Following its strong mandate from the electorate in the general election of December 1918, Sinn Fein as promised, established its alternative legislative assembly, Dáil Éireann, on 21 January 1919. The opening shots in the War of Independence were fired that same day as a group of dissident Irish Volunteers ambushed a RIC-accompanied delivery of dynamite to a local quarry in Soloheadbeg, county Tipperary. A two-and-a-half-year long struggle ensued during which such incidents of random violence were coordinated due to the central organising influence of Michael Collins. His ‘Squad’ of assassins, counter-intelligence work and countrywide command structure which coordinated the efforts of IRA flying columns, forced the British government to bolster the ranks of the Royal Irish Constabulary.

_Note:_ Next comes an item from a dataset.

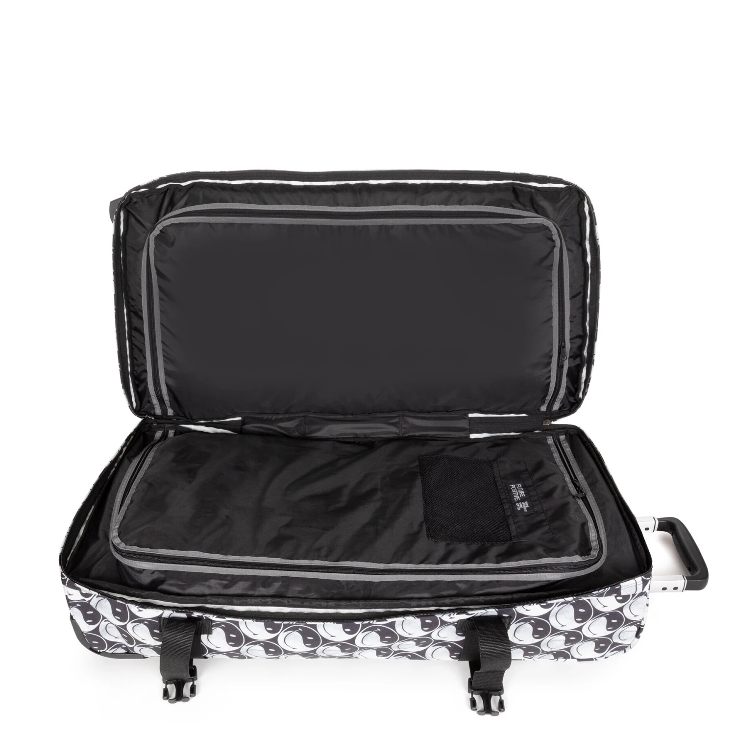 Notre bagage à roulettes grand format présente des caractéristiques supplémentaires en termes de durabilité et de sécurité. Les deux compartiments accueilleront en toute sécurité vos effets personnels grâce au système de verrouillage intégré. Ce bagage durable est doté de tubes en aluminium, de patins de protection et d’un losange en relief situé sur la poignée.

This demoralised and increasingly ineffective police force was augmented first by the Black and Tans and later by the Auxilliaries in the course of 1920. The London administration was attempting to deal with the increasingly embarrassing situation with policemen rather than with troops; to treat the struggle as a domestic rather than an international conflict. That conflict escalated in intensity, witnessing atrocity and counter-atrocity committed with seemingly no end in sight.
An impasse had been reached which was broken by a combination of diplomatic efforts by King George V and a man with experience in fighting against the British Crown forces, the Prime Minister of South Africa, Jan Christian Smuts. It was at his suggestion that King George spoke such conciliatory words at the opening of the Belfast parliament on 22 June 1921 and subsequently, his visit to parley with Sinn Fein representatives the following month which saw a truce take effect on 11 July and the path cleared for negotiation.
Those negotiations took place in two instalments. Firstly, Éamon de Valera led a delegation to London on 12 July for preliminary discussions with Prime Minister David Lloyd George during which a series of four one-to-one meetings between the two men ended inconclusively. Secondly, August 1921 saw a new exchange of letters between de Valera and Lloyd George seeking ways to break the deadlock and on 30 September, the former accepted the latter’s formal invitation to negotiate a settlement. The Irish delegation of five plenipotentiaries ratified by Cabinet on 7 October arrived in London and opened formal negotiations with their British counterparts on 11 October 1921.